Dr. Christopher Mackie, the medical officer of health and chief executive of the Middlesex-London Health Unit, talked about the opioid crisis in London at King’s University college last week. Many students and staff attended King’s Hour, as Dr. Mackie discussed London’s big city drug problem in a medium sized community. Mackie says, we don’t have an overdose crisis, we have a multiple overlapping drug-related crises.
He began his presentation by asking the audience what they would do if they did not know their father and lost contact with their mother after children’s aid called for the third time.
“Who would your role models be? How would you build a network to build a meaningful life? I try to think really hard about how my privilege works. How does our privilege shape how we see the world and how does it become a barrier? How can we break through the barrier so we can understand what it’s like to live a life that has led you, for example, to addictions?”
Mackie’s words sparked a conversation about changing the way people view people who are living with addiction.
“Caring about people and having respect, treating them with even a bit of love, these are free, there’s no cost there. It’s just something we have to think a little bit differently about, and it might be enough to make a connection to help somebody move on with their lives.”
He adds that “if we can change how we think about those people, we can do more than a hundred and thirty thousand dollars in funding.”
Dr. Mackie addressed those who are resisting the idea of safe injection sites or the possibility of a permanent site.
“I don’t know if there is a way of changing someone’s heart set opinions. Minds will change when it affects them directly. When they have a family member or a friend who is affected.”

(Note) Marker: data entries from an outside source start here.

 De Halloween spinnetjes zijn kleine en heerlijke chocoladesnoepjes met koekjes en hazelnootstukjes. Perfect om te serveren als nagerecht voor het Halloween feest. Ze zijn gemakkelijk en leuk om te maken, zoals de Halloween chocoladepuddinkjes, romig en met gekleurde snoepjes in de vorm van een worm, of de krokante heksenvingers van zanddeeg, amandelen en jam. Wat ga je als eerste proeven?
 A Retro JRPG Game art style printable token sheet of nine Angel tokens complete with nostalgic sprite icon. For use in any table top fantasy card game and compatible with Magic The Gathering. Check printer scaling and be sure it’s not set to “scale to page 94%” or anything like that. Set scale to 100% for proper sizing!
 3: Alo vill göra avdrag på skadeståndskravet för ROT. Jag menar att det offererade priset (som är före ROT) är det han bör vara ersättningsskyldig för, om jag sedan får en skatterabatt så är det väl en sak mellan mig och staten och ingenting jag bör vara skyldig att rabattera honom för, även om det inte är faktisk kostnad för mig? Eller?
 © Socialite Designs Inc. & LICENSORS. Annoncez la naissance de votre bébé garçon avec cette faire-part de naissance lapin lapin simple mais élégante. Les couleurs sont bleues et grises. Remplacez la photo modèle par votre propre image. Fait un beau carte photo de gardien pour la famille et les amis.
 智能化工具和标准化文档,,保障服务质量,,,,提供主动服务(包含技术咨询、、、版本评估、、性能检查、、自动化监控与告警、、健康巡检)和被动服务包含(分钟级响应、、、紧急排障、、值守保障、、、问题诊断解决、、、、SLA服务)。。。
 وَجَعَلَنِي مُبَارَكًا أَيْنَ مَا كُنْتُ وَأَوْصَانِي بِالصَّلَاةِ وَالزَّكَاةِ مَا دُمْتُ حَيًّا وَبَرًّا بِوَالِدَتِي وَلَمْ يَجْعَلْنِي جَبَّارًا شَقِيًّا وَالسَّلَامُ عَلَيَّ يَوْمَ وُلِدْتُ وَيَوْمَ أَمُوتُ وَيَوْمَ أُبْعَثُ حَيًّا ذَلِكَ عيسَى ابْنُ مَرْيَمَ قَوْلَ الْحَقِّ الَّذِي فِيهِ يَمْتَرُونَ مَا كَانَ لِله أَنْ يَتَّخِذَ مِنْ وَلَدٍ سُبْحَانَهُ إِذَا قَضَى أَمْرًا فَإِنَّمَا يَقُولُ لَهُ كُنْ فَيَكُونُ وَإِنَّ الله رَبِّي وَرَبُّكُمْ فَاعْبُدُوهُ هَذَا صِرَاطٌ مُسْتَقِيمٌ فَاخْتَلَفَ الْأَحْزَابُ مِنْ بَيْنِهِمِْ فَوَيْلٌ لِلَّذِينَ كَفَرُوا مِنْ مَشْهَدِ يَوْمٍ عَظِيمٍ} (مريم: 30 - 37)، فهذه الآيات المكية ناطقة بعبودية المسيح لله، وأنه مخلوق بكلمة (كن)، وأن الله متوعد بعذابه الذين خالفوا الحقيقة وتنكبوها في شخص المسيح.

The Middlesex-London Health Unit recently received $250,000 from the province as part of a $15-million effort across Canada in response to the opioid crisis. After the Public Health Agency of Canada reported a national opioid death rate of 8.8 per 100,000 population, the federal government introduced updated prescription guidelines in May 2017 hoping to curb the crisis.
Dr. Mackie announced on Twitter earlier this month that the Middlesex-London Health Unit submitted the first application in Ontario for a temporary overdose prevention site.
“We often hear words like crystal meth or fentanyl, and we conjure up images of monsters who are nothing but their addiction. The people who are using drugs underneath are people like you and me who have had more difficult lives.”